Gestion des déchets, production d’énergie renouvelable, réduction des émissions
de gaz à effet de serre (GES), accompagnement du monde agricole vers de nouveaux horizons
économiques : la méthanisation est une voie d’avenir qui associe de nombreux acteurs :
agriculteurs, gros producteurs de déchets organiques, gestionnaires des réseaux gaz et
électricité, collectivités, particuliers…. Déjà mature dans certains pays, la méthanisation est en
plein développement en France et s’inscrit parfaitement dans les objectifs environnementaux et
énergétiques nationaux.
-L’objectif de cet appel à projets est de contribuer au développement d’installations
exemplaires en termes de qualité globale et d’efficience environnementale.

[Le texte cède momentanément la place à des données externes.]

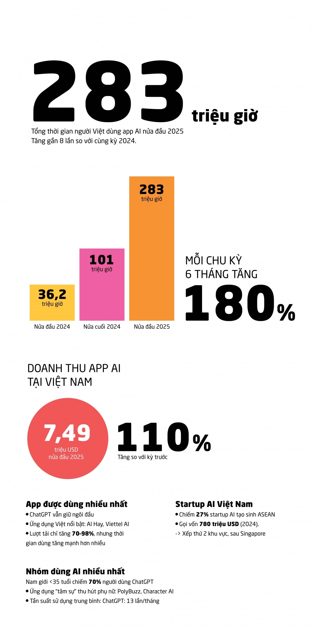 Trong nửa đầu năm 2025, tổng thời gian người Việt sử dụng các ứng dụng AI đạt 283 triệu giờ, tăng gần 8 lần so với cùng kỳ 2024. Cùng với đó, doanh thu từ các app AI tại Việt Nam cũng tăng hơn 110%, phản ánh tốc độ bùng nổ của công nghệ trí tuệ nhân tạo trong đời sống hàng ngày.

A
l’exception des particuliers, toutes les cibles sont concernées : collectivités, entreprises et
exploitations agricoles.
Les projets retenus bénéficieront d’un soutien financier complémentaire aux tarifs nationaux
arrêtés pour la valorisation énergétique du bio méthane, soit par cogénération (production
d’électricité et de chaleur), soit par injection dans le réseau public de gaz naturel. Ce complément
régional ne s’applique qu’aux projets le nécessitant, sur la base d’une analyse de rentabilité
financière investissements / recettes et dépenses prévisionnelles.